2. Design, Rapid Prototype, Iterate, Repeat

I collaborated with the lead product manager and engineering manager to collect use cases based on user interviews, design rapid prototypes to discuss design decisions and gather technical minimum requirements. Here are some of the key design decisions and how the users reacted —

KEY Design Decision Q: Who should have the permission to create, edit, delete templates?

We asked the same power users for feedback by showing them UX drafted screens:

  • Option A: Personal - Anyone staff in the dealership can Create and Modify templates

  • Option B: Managers - Only Managers and Admins may Create and Edit templates - This option wins!

  • Participants gave it 50/50 ratings but Option B won because of the upper management’s main concern that their advisors may accidentally edit/delete a shared template.

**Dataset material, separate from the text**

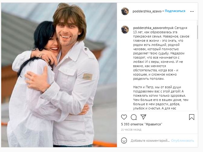 Близкие Анастасии Заворотнюк и Петра Чернышева поздравили их с годовщиной свадьбы - Караван
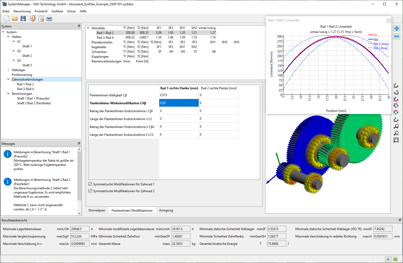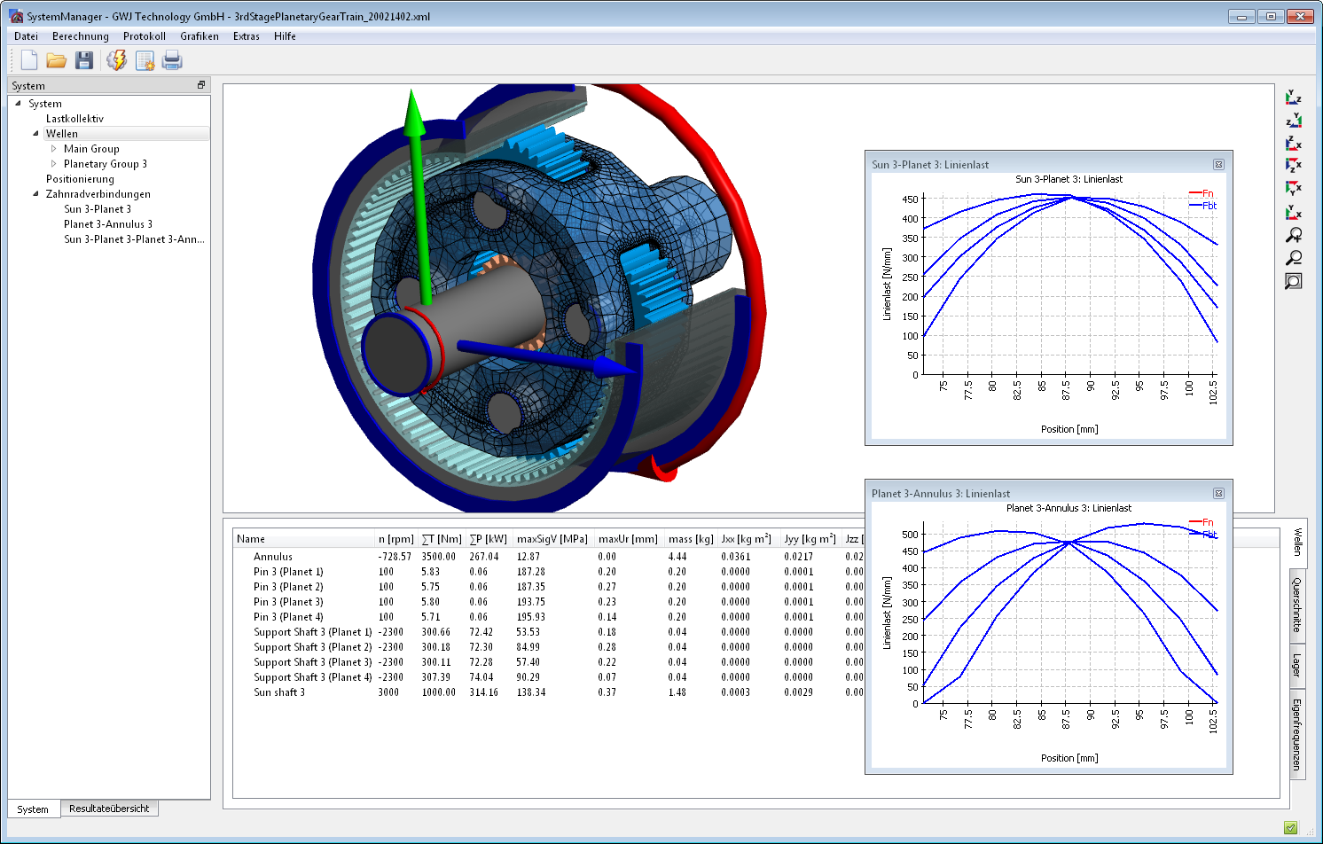 GWJ SystemManager - Planetenstufe mit Linienlastverläufen

This Design decision led to 2 more flows/personas based on permissions:

  1. Service Technicians/Associate Flow: Can only use templates - they may edit the pasted message before sending it to the customer

  2. Admin/Manager Flow: Can use, create, edit, and delete templates - additionally has a new template editing admin tool

More key design decisions we made with power users:

Selection - radial button vs dropdown?

How to display templates per store location:

3. launched mvp!
What was the feedback?

Summary

  • Pilot tested with 3 dealerships, gathered and addressed 15+ pieces of feedback and bugs. Pilot customers were delighted with the functionality and saving time when sending the constant some messages!

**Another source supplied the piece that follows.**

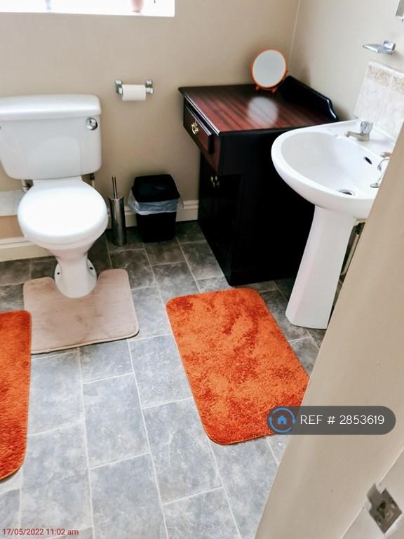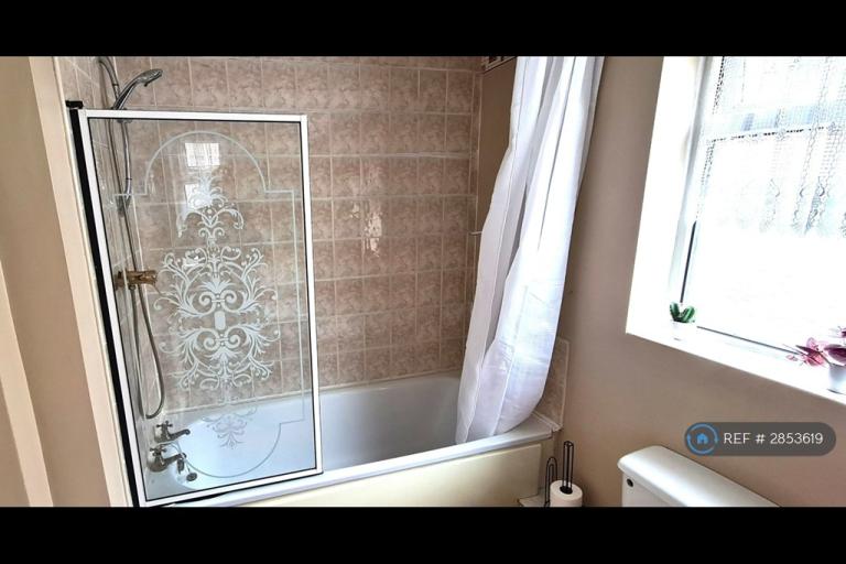 - Bathroom with shower over bath, toilet, and wash hand basin
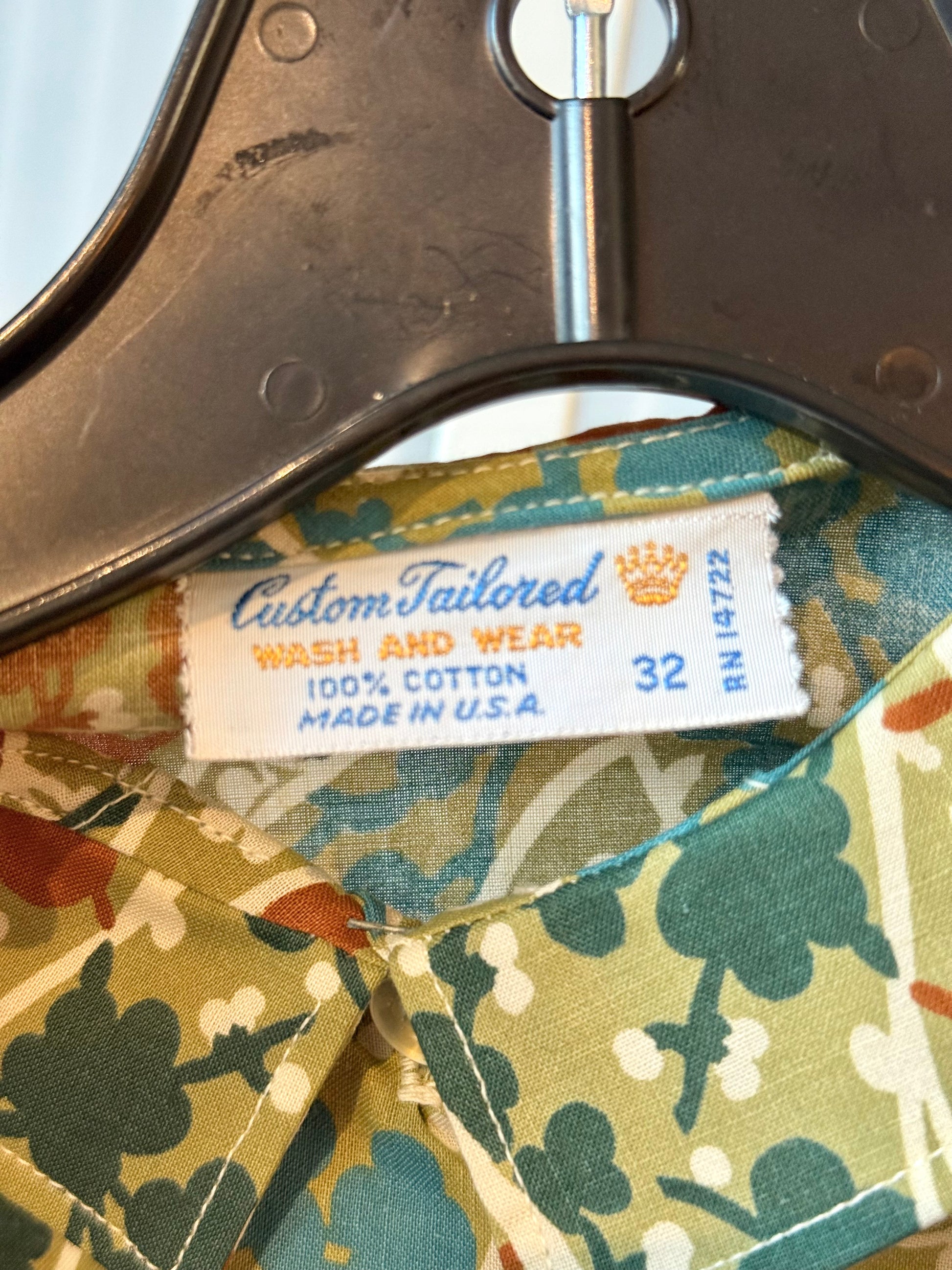 100% Cotton Green, Blue, Brown & White Paisley Floral Abstract Collared Blouse

  • Worked with engineers and cross-functional CDK teams to address bugs.

  • Message Templates are being used by large national dealers throughout North America today.

  • The team lead gave a demo of Message Templates to represent CDK at an annual auto-industry event called NADA.

TRY THE FINAL Prototype

Admin/Manager Flow - Create, Edit, Delete Templates

Associate/Technician Flow - Use templates

4. Reflection Time!


The launch of the Message Templates feature to CDK customers was a significant milestone, with successful pilot testing and general release to dealerships across North America. Through the pilot testing, feedback was gathered and addressed, and collaboration with cross-functional teams led to bug fixes and improvements. The feature is now being used by large national dealerships, showcasing its impact on the business.

Business Impact


As the UX lead, I gained valuable insights into the importance of user involvement in feature creation and the significance of timely project planning. Managing stakeholders and coordinating with dealerships with different time zones and availability presented challenges that helped me develop skills in communication and project coordination.

Personal reflection


In hindsight, I would focus on ensuring the team has a clear understanding of the pitch deck and develop a more comprehensive strategy for gathering customer feedback. This could include surveys, user testing, and direct interactions to gather insights for further iterations and improvements on the feature. Given the opportunity, I would use these learnings to enhance the feature build process and continue refining the Message Templates feature to better meet customer needs.

Next steps/opportunities

Thanks for reading it to the end!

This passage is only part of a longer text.